One of the best things about the FA Cup is that almost every match in the competition has the potential for a big upset, and with big upsets come very nice betting odds. Trying to pick out the matches in which such an upset is likely to occur is not always an easy task but in general, you can bet your bottom dollar that a struggling Premier League side who has been drawn away to a lower league side on a good run has a decent chance of stumbling.
Having said that, who would have predicted that League One side Bradford City would go to Premier League leaders Chelsea and win 3-2 in the 2014-15 season? We sure wish we’d put money on that.
When betting on the underdog you have numerous options available from simply backing them to win to opting for the “draw no bet”, or perhaps taking them with a +0.5 or even +1.5 goal advantage in the Asian handicap market. If a Premier League side is expected to win comfortably, there is often value in backing against that big win using the handicaps, thus you’ll be in the money whether there is a narrow victory for the favourite, a draw, or a shock result.

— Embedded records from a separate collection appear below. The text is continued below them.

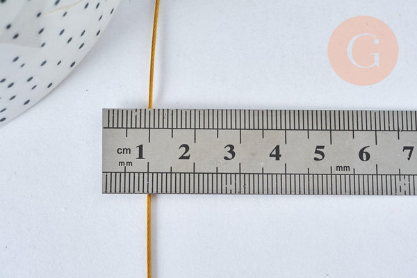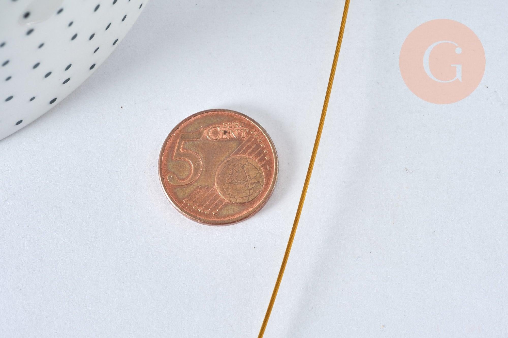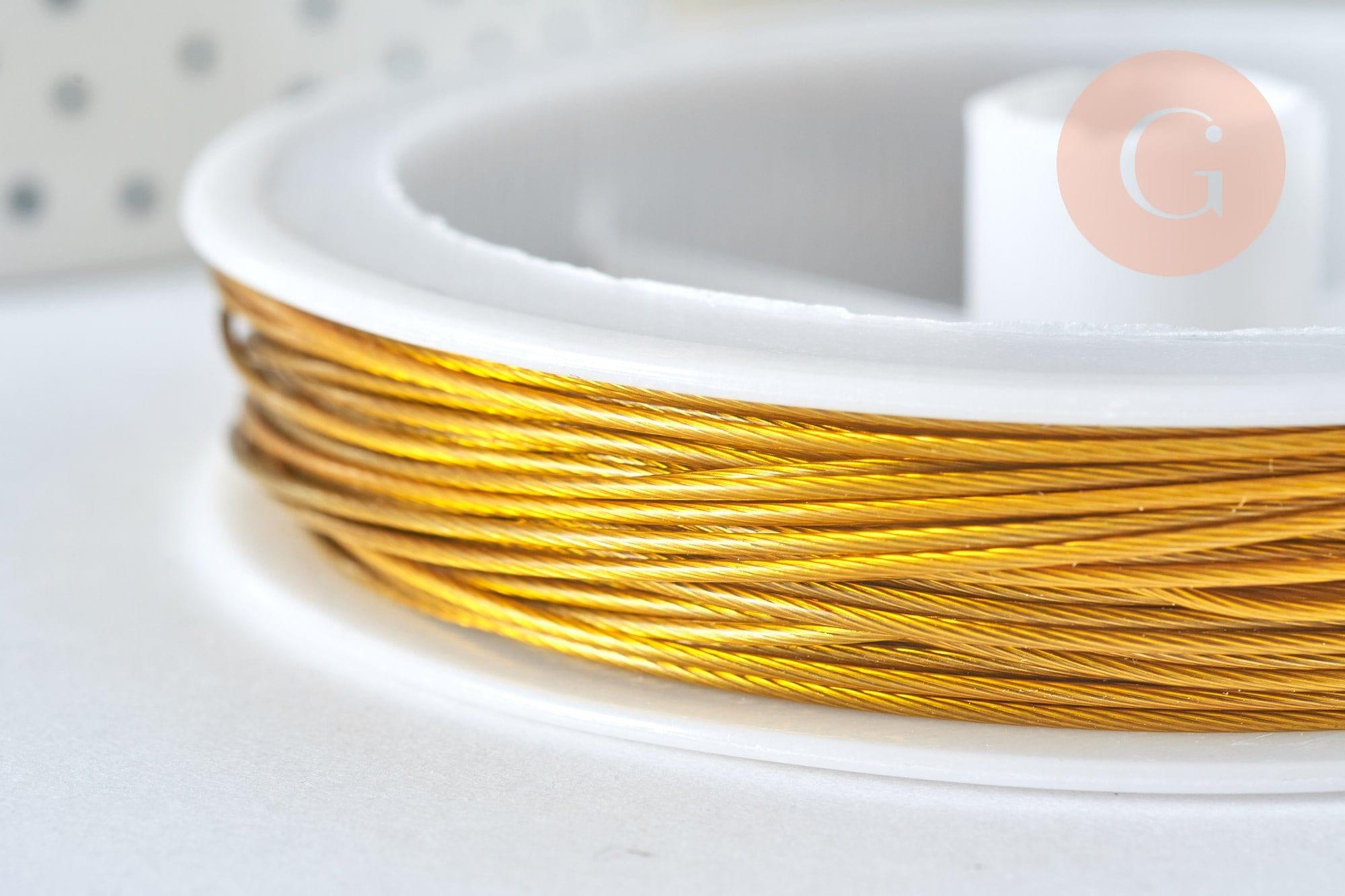 Este alambre de acero inoxidable dorado de 0,8 mm es perfecto para crear bisutería; generalmente se utiliza para ensartar cuentas en la elaboración de collares, pulseras o pendientes.
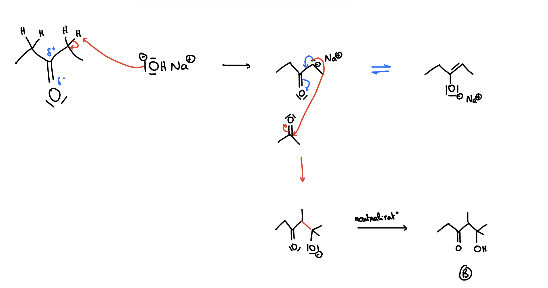 Ribozoz Posted February 21 Posted February 21 Hello je n’arrive pas à dessiner la réaction du QCM et elle ne figure pas dans la correction : QCM 23 : La pentan-3-one A traitée par la soude (NaOH), puis condensée sur la propanone conduit après neutralisation à B. La réaction de A avec la soude conduit à la formation d'un ion énolate. B possède deux carbones asymétriques. B peut être la (4R)-5-hydroxy-4,5-diméthylhexan-3-one. La réduction de B par NaBHa conduit à un diol. B possède 3 carbones hybridés sp2 Quelqu’un peut m’aider svppppppp Quote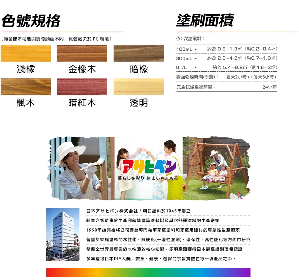 ※因材質及天氣情況不同會使塗裝面積、塗裝次數及乾燥和著色情況而有些不同。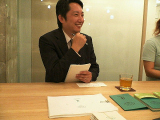こちらの紳士は 名古屋のアメ工房の社長 中村さん。 職人さんがひとつひとつ手作りする 「組み飴」製作の話などを伺います。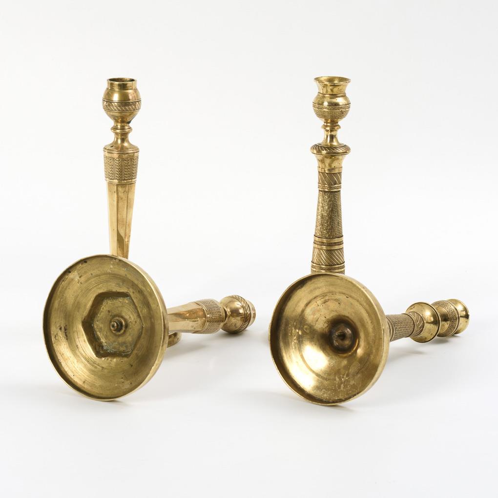 Je mit feinen Reliefornamenten verzierte Bronzeleuchter; 1 Paar mit mehrteiligem Säulenschaft, 1 Paar mit facettiertem konischen Schaft. 1 ergänzter durchgehender Gewindestab in einem Leuchter mit Säulenschaft, 1 Kerbe am anderen Leuchterpaar.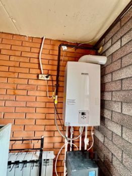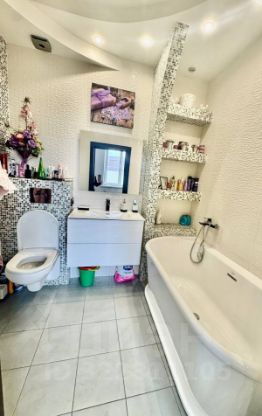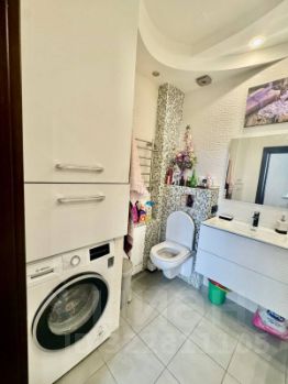 Совмещенный санузел с ванной. Установлена стиральная машина и мощный бойлер на 200 литров для бесперебойного снабжения горячей водой.

Overall though, nothing quite beats seeing the underdog triumph when you’ve bet on them to do so, so for us, FA Cup betting is all about trying to ascertain which sides are most likely to upset the odds. As mentioned, recent league form is an obvious indicator, but so is the likelihood of players from the top flight side being rested. Some managers have a reputation for playing untested youth players in the cup while others will take it more seriously.
Factor in other variables such as injuries, whether the manager of the underdogs has a history of cupsets, and whether there are players who’ve made a habit of scoring in the cup, and with a little luck you could soon be profiting from some FA Cup giant killing.